Scientific classification
- Kingdom: Animalia
- Phylum: Arthropoda
- Class: Malacostraca
- Order: Decapoda
- Suborder: Pleocyemata
- Infraorder: Caridea
- Family: Atyidae
- Genus: Atya
- Species: A. gabonensis
- Binomial name: Atya gabonensis Giebel, 1875
- Synonyms: Atya sculptata Ortmann, 1890; Euatya sculptilis Koelbel, 1884;

= Atya gabonensis =

- Genus: Atya
- Species: gabonensis
- Authority: Giebel, 1875
- Conservation status: LC
- Synonyms: Atya sculptata Ortmann, 1890, Euatya sculptilis Koelbel, 1884

Species of crustacean

Atya gabonensis is a species of freshwater shrimp from West Africa.
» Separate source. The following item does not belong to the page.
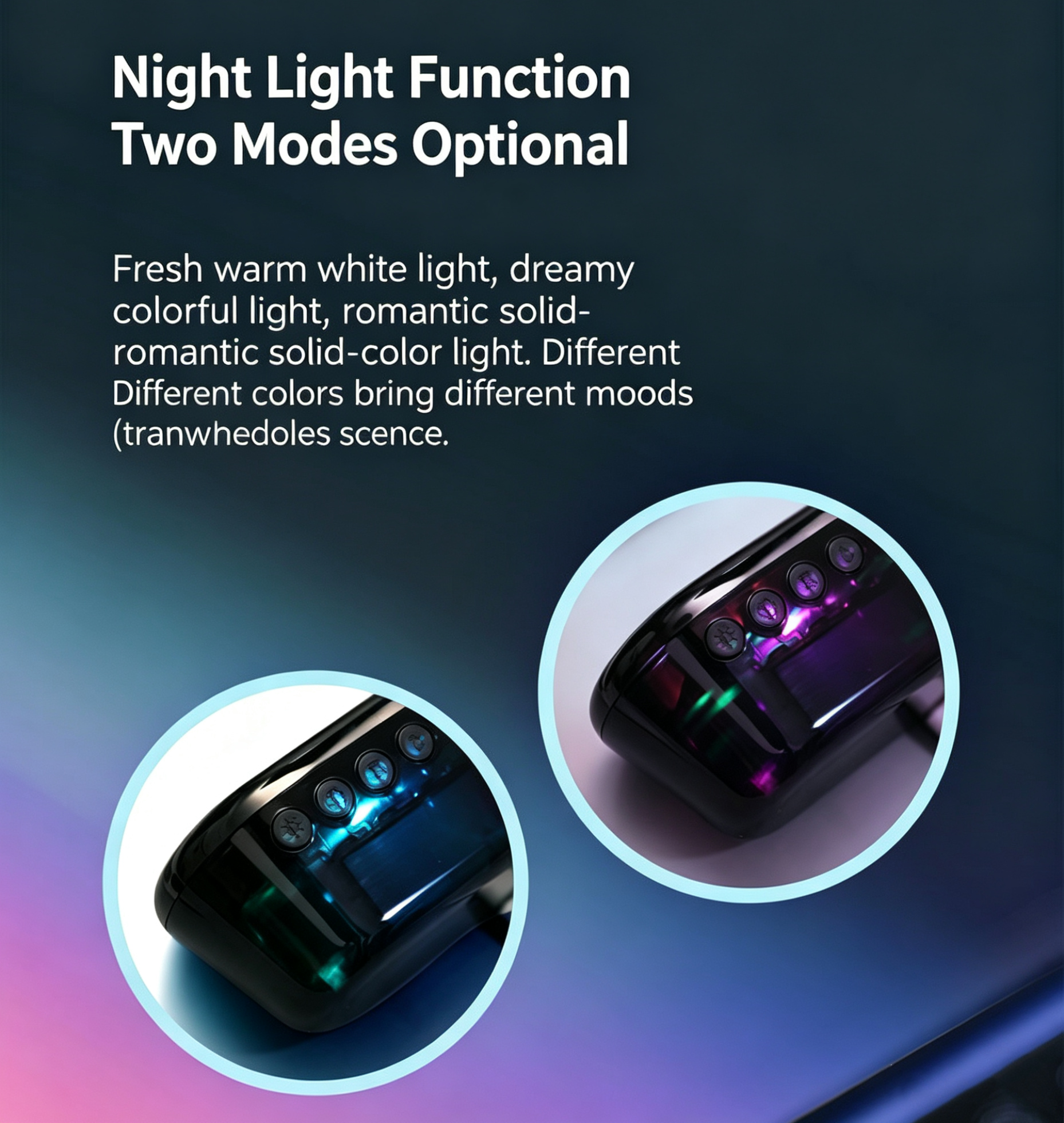 - Night Light Mode: Switch between warm white light and colorful ambient light to create a cozy and relaxing atmosphere.

Note that accounts of its occurrence in South America are erroneous, and likely another species (Atya scabra). It is an omnivorous filter feeder that uses feather-like claspers to filter particles from the water. It can grow to 6 in. It has many common names, including African fan shrimp, African filter shrimp, African giant shrimp, vampire shrimp, blue rhino shrimp, Gabon shrimp, and Cameroon fan shrimp.

==Distribution==
Atya gabonensis is found in West Africa, from Senegal to the Democratic Republic of the Congo. Accounts of it being found in South America from Venezuela to Brazil are a case of mistaken identity.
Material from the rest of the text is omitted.